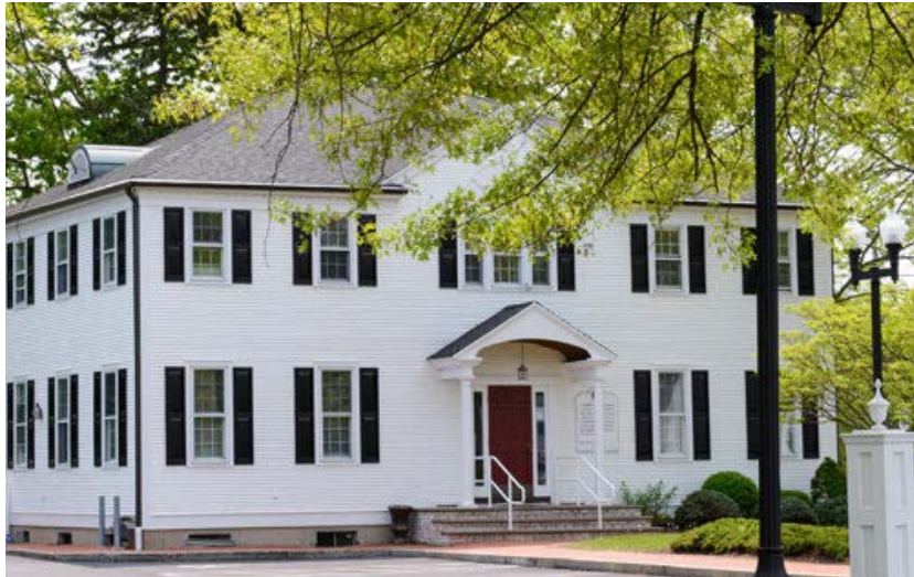
EXTERIOR VIEW OF EXISTING CANTON CLINIC
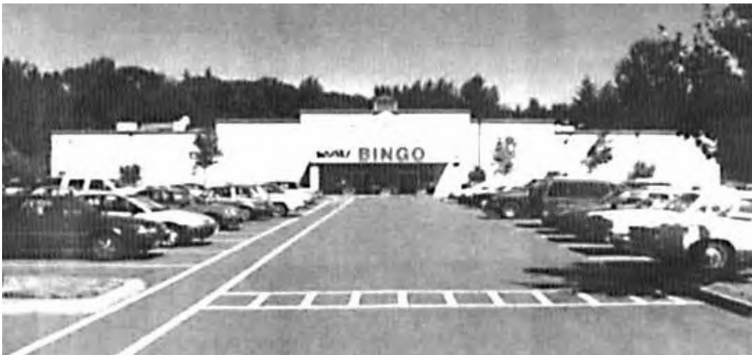
20,000 sq ft Imperials Bingo Hall, Renton, Washington

The Imperials Bingo Hall is a 20,000 square foot structure built in 1994 in Renton, Washington, USA, by Imperials Music and Youth Association. Although significantly remodeled in 2004, the building was originally divided into two bingo rooms, one non-smoking and an 8,000 square foot smoking section for up to 400 bingo players. There are also administrative offices, kitchen, restrooms, loading and storage areas. A floor-to-ceiling partition wall separates the bingo hall, which is all smoking, and the new “mini-casino” and restaurant. The suspended ceiling is 14 feet from the floor.
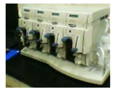
Fig.3 Affymetrix Gene Chip System

Microarray Analysis Microarray analysis by Affymetrix Gene Chip System.
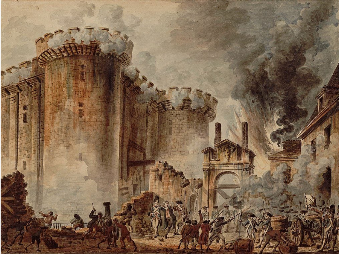
Storming of the Bastille
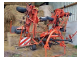
2013, Kuhn GF7902 Mounted Tedder, 7.8m 8 hyd folding rotors £7,000 BW
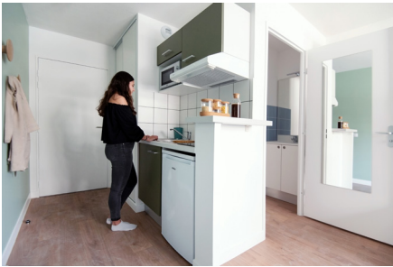
5 place Charles de Gaulle 34170 Castelnau-le-Lez
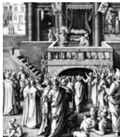
8. Engraving 123, https://archive.org/details/adnotationesetmeoonada/mode/2up
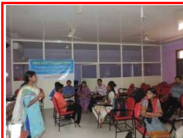
The Mentees Interacting during the session
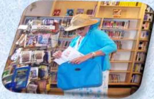
The Hare Bay/Dover Public Library Burglar and the winners of library prizes

The Summer Reading Program at Hare Bay/ Dover Public Library was a success. Seventeen kids registered and enjoyed a summer of reading, fingerprinting, crafts and using spy kits. There was also a visit from the '009 Criminal', and the kids thought it was real. They were amazed that she was stealing from the library, with everyone watching – but from their descriptions, the thief would never have been caught.
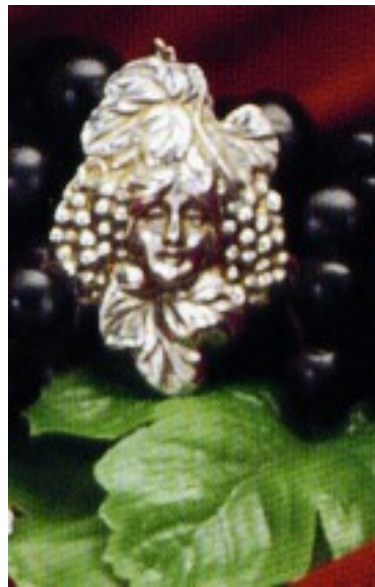
VC-225 Vineyard Goddess Bottle Tag w/ Chain
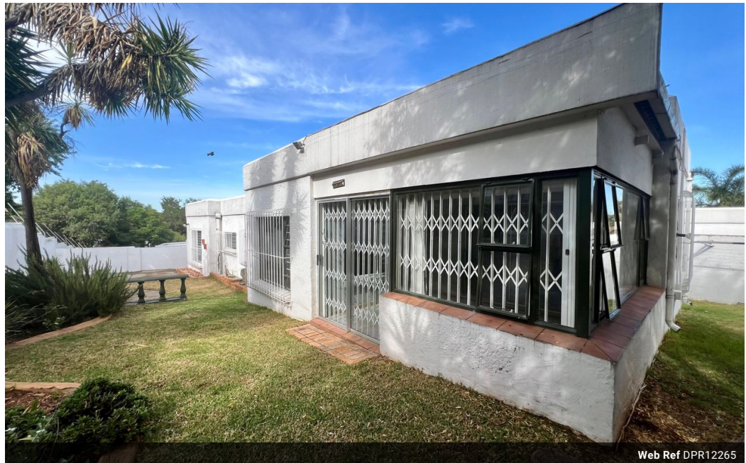
Web Ref DPR12265

95 Victoria Street, Oakdene, Johannesburg, Gauteng, 2190
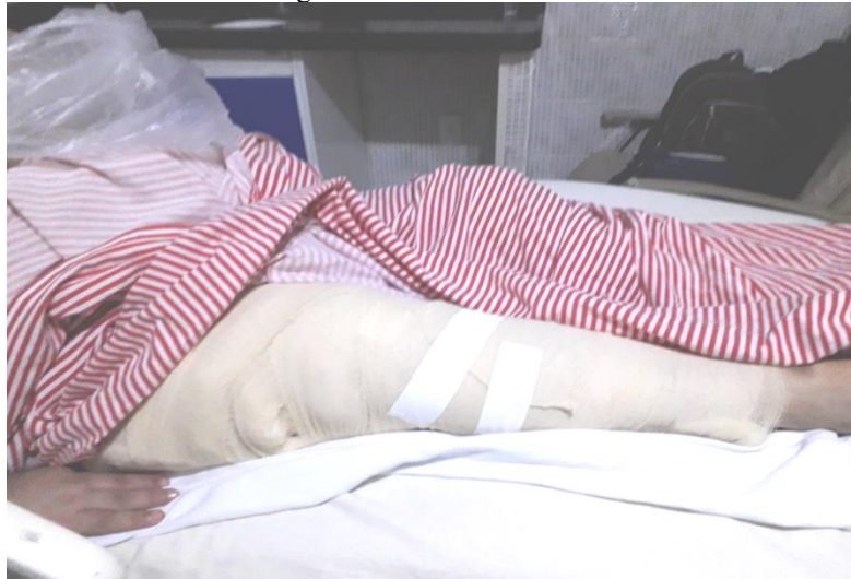
Figure 14: Fixator removal.

The patient in October 2020 underwent the procedure of external fixator removal due to infected pseudoarthrosis and cleaning of osteomyelitis for a time interval as a rest for the patient to thus perform ACL surgery surgery done through small cuts and with the aid of arthroscopy, in order to facilitate postoperative and recovery because of injury to his ligaments due to screws placed in the initial treatment. (Figure 14).
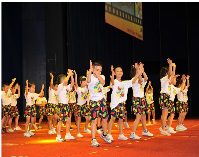
End of Year Concert Students' Performances
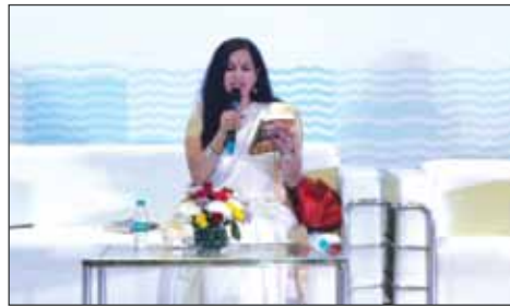
Ms Preeti Shenoy Author
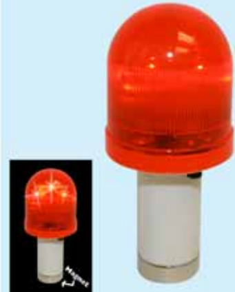
D16-1 Group Cost $7.50 Sugg. Retail $8.00-$9.00 4" MAGNETIC EMERGENCY LIGHT

→ **EXERCISE AIM**
Please reproduce only the lines from the one holding "Web Ref DPR12265" through the final line of the listing above, both included, with each picture left out.

→ **ANSWER FOR THE TASK**
Web Ref DPR12265

95 Victoria Street, Oakdene, Johannesburg, Gauteng, 2190
Figure 14: Fixator removal.

The patient in October 2020 underwent the procedure of external fixator removal due to infected pseudoarthrosis and cleaning of osteomyelitis for a time interval as a rest for the patient to thus perform ACL surgery surgery done through small cuts and with the aid of arthroscopy, in order to facilitate postoperative and recovery because of injury to his ligaments due to screws placed in the initial treatment. (Figure 14).
End of Year Concert Students' Performances
Ms Preeti Shenoy Author
D16-1 Group Cost $7.50 Sugg. Retail $8.00-$9.00 4" MAGNETIC EMERGENCY LIGHT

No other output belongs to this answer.